April 2011
Special Focus

Bringing offshore rigs, platforms into compliance with new US workplace safety regulation

Recommended practices related to safety and environmental protection become mandatory for OCS operators on Nov. 15. Effectively tracking key performance indicators and maintaining data can go a long way to meet the new requirements.

 


THOMAS AYRAL, KAUSHAL SHAH and DON NGUYEN, Siemens Energy Inc.

On Sept. 30, 2010, the US Bureau of Ocean Energy Management, Regulation and Enforcement (BOEMRE) announced two new rules designed to improve drilling safety by strengthening requirements for safety equipment, well control systems and blowout prevention practices in offshore oil and gas operations, and to improve workplace safety by reducing the risk of human error. To enforce these rules, BOEMRE plans to increase its number of inspectors by 30 to a total of 85, and is designing new training programs for inspectors.

For the second rule, called the Workplace Safety Rule on Safety and Environmental Management Systems (SEMS), the agency issued a fact sheet that listed the 13 elements of API Recommended Practice 75 (RP 75) that the rule makes mandatory. These are: 1) general management program principles, 2) safety and environmental information, 3) hazards analysis, 4) management of change, 5) operating procedures, 6) safe work practices, 7) training, 8) quality assurance/mechanical integrity, 9) pre-startup review, 10) emergency response and control, 11) incident investigation, 12) SEMS element audit and 13) documentation and record keeping. Many of these elements appear similar to the Occupational Safety and Health Administration (OSHA) Standard 1910 elements, and therefore are familiar to many process safety management (PSM) personnel.

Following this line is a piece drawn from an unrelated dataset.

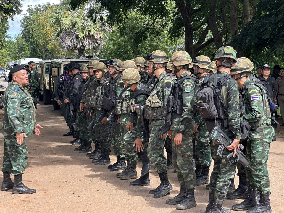 วันที่ 2 ต.ค.68 เวลา 13.30 น.พลโท วรยส เหลืองสุวรรณ แม่ทัพภาคที่ 1/ ผู้บัญชาการศูนย์ปฏิบัติการกองทัพภาคที่ 1 เดินทางมาตรวจเยี่ยมการปฎิบัติงานของกองกำลังป้องกันชายแดนในพื้นที่กองกำลังบูรพาฯโดยจุดแรกได้ลงพื้นที่ จุดตรวจ 34 บ้านหนองหญ้าแก้ว หมู่ที่ 3 ตำบลโนนหมากมุ่น อำเภอโคกสูง จังหวัดสระแก้ว ซึ่งอยู่ตรงข้ามบ้านเปรยจัน อำเภอโอโจวโร จังหวัดบันเตียเมียนเจย ประเทศกัมพูชา ซึ่งเป็นพื้นที่ชาวกัมพูชาบุกรุกเข้ามาอาศัยอยู่ในดินแดนของไทย โดยมี พลตรี เบญพล เดชาติวงษ์ ณ อยุธยา ผู้บัญชาการกองกำลังบูรพาฯ พันเอก ชัยณรงค์ กาสี ผู้บังคัญหน่วยเฉพาะกิจที่ 12 และเจ้าหน้าที่ฝ่ายปกครองให้การต้อนรับ พร้อมพาเข้าชมพื้นที่อย่างใกล้ชิด ซึ่งบริเวณบ้านหนองหญ้าแก้ว มีมวลชนชาวกัมพูชาเป็นพระสงฆ์รวมตัวกันอยู่ ประมาณ 20 รูป โดยยืนอยู่บริเวณรั้วป้องกันตัวเองอย่างสงบ ไม่มีการยั่วยุและส่งสัญลักษณ์ใด ๆ ทั้งสิ้น ใช้เวลาประมาณ 1 ชั่วโมง ในการลงพื้นที่

SEMS applies to all outer continental shelf (OCS) oil and gas operations on new and existing facilities under BOEMRE jurisdiction including drilling, production, construction, well workover, well completion, well servicing and Department of the Interior-regulated pipeline activities. Operators of fixed platforms, mobile offshore drilling units, floating production systems, FPSOs, tension-leg platforms, spars and DOI-regulated pipelines must have the SEMS program developed, implemented, and available by Nov. 15, 2011. This article describes some of the steps that oil producing companies are taking or should be taking to comply with the new SEMS rules.

MANAGEMENT MINDSET

SEMS is a performance-based standard, lending itself to strict oversight. An operator’s management, thus, carries an obligation not only to decide on the means by which to achieve the goals but also to track adherence to the means deployed. Furthermore, SEMS explicates operators’ obligations by spelling out standards of the various elements described therein. For example, management must keep programs up to date and accurate for process hazard analyses (PHAs) and management-of-change procedures (MOCs)—two of the means required by SEMS to meet safety goals. Likewise, management is responsible for developing and endorsing a written program that addresses each of the 13 elements of SEMS.

 

 Fig. 1. Sample inspection KPIs indicating insufficient spending on inspection testing and preventive maintenance (ITPM). 

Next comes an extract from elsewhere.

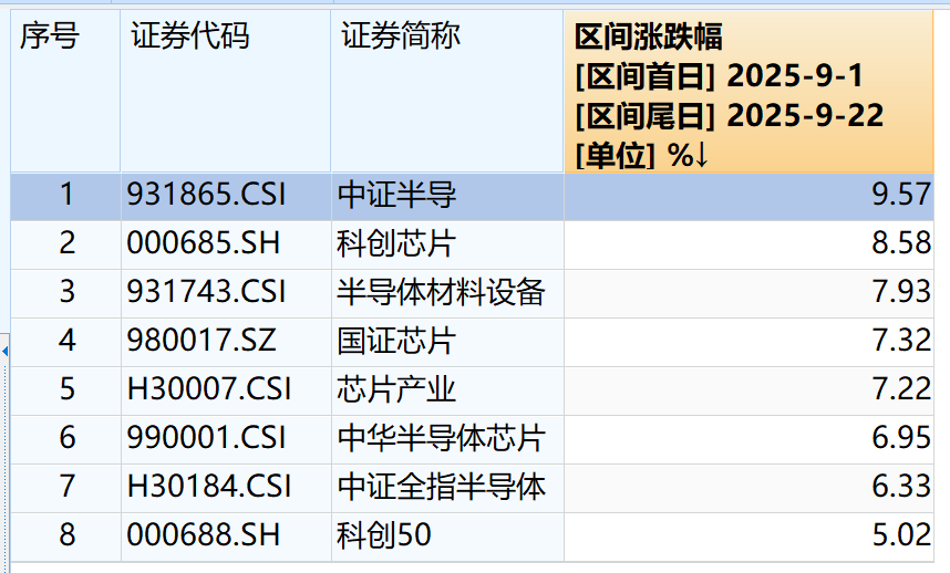 而且中证半导在半导体设备、材料和芯片设计三个环节的布局超过90%,是主流半导体指数中明显更聚焦半导体上中游的选择,9月以来涨幅在几个半导体指数中位列第一,弹性非常好。

Fig. 1. Sample inspection KPIs indicating insufficient spending on inspection testing and preventive maintenance (ITPM).

Most companies recognize that change starts at the top. For example, one integrated major oil company stated, in an internal memo to its staff, that safety would be the sole criterion for rewarding employee performance in its operating business for the fourth quarter of 2010. Also, in informal discussions with employees of many large and small oil producing companies at a recent oilfield conference, several stated that, within the next few months, their companies are assigning a new leadership position with responsibility for complying with the new SEMS rule. These new employees will report at a high level and will have the responsibility and the budget to implement initiatives addressing the new rule.

SAFETY AND ENVIRONMENTAL INFORMATION SYSTEM

One of the SEMS requirements is to maintain accurate safety and environmental information, as described in Section 2 of RP 75. The management program should require that this information be compiled, developed and maintained for any facility subject to SEMS. Process, mechanical and facilities design information should be retained for the life of the facility.

Operators must ensure that critical data for their facilities are accurate and accessible to all personnel whose job duties require their use. These critical data include process flow diagrams (PFDs), safe operating limits, process design material and energy balances, and mechanical and facilities design information. The design information encompasses piping and instrumentation diagrams (P&IDs), pressure relief, flare and safety systems, PHAs, mechanical integrity (MI) inspection and risk-based inspection (RBI), operating procedures, maintenance procedures, MOCs, document management, alarm data, project data, asset data, purchasing data, operating history, incident reporting, design codes and standard practices.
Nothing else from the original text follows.